* _Information given_:
[Start of Attachment]
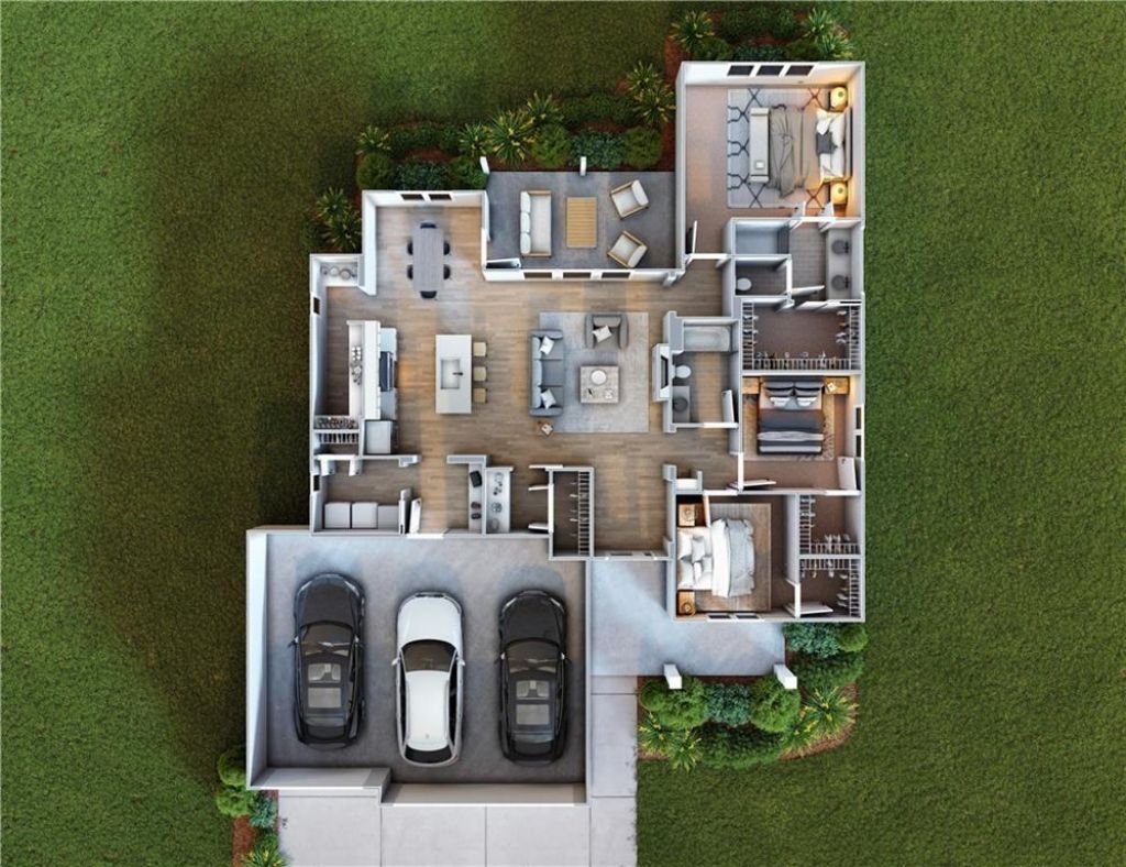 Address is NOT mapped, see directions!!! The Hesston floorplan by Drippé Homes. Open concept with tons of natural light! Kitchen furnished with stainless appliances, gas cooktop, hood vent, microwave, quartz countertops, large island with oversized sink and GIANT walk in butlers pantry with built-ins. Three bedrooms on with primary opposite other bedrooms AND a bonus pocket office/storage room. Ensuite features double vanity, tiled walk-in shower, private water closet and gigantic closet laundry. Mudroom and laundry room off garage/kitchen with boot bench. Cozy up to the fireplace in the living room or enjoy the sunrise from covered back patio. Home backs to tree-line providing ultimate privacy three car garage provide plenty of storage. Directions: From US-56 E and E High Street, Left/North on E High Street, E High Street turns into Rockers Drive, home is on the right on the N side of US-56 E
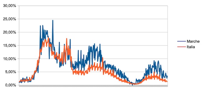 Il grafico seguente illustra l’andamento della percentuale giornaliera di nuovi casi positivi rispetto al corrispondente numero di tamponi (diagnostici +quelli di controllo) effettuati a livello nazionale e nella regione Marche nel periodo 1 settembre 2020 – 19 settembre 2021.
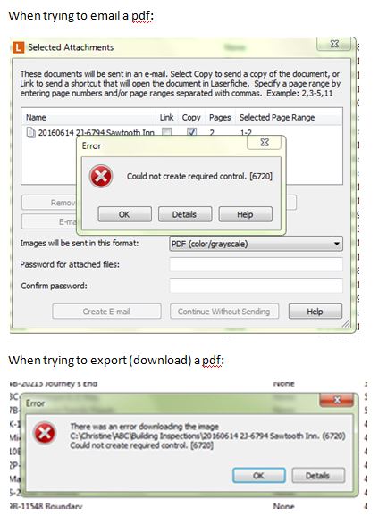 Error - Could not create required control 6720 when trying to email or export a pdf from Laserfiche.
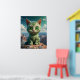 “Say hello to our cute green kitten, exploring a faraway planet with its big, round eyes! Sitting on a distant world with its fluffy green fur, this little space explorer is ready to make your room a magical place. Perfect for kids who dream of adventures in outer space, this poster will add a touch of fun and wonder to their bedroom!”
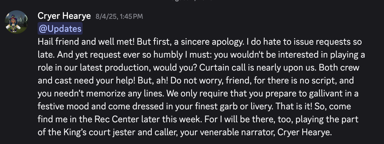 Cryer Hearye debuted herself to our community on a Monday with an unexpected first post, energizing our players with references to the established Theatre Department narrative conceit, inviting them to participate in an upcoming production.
[End of Attachment]
* _Task description_: Write out only the lines from the line containing "Il grafico seguente" through the end of the material above, both end lines included. Pictures are not written out.

* _Answer to the problem_:
 Il grafico seguente illustra l’andamento della percentuale giornaliera di nuovi casi positivi rispetto al corrispondente numero di tamponi (diagnostici +quelli di controllo) effettuati a livello nazionale e nella regione Marche nel periodo 1 settembre 2020 – 19 settembre 2021.
 Error - Could not create required control 6720 when trying to email or export a pdf from Laserfiche.
 “Say hello to our cute green kitten, exploring a faraway planet with its big, round eyes! Sitting on a distant world with its fluffy green fur, this little space explorer is ready to make your room a magical place. Perfect for kids who dream of adventures in outer space, this poster will add a touch of fun and wonder to their bedroom!”
 Cryer Hearye debuted herself to our community on a Monday with an unexpected first post, energizing our players with references to the established Theatre Department narrative conceit, inviting them to participate in an upcoming production.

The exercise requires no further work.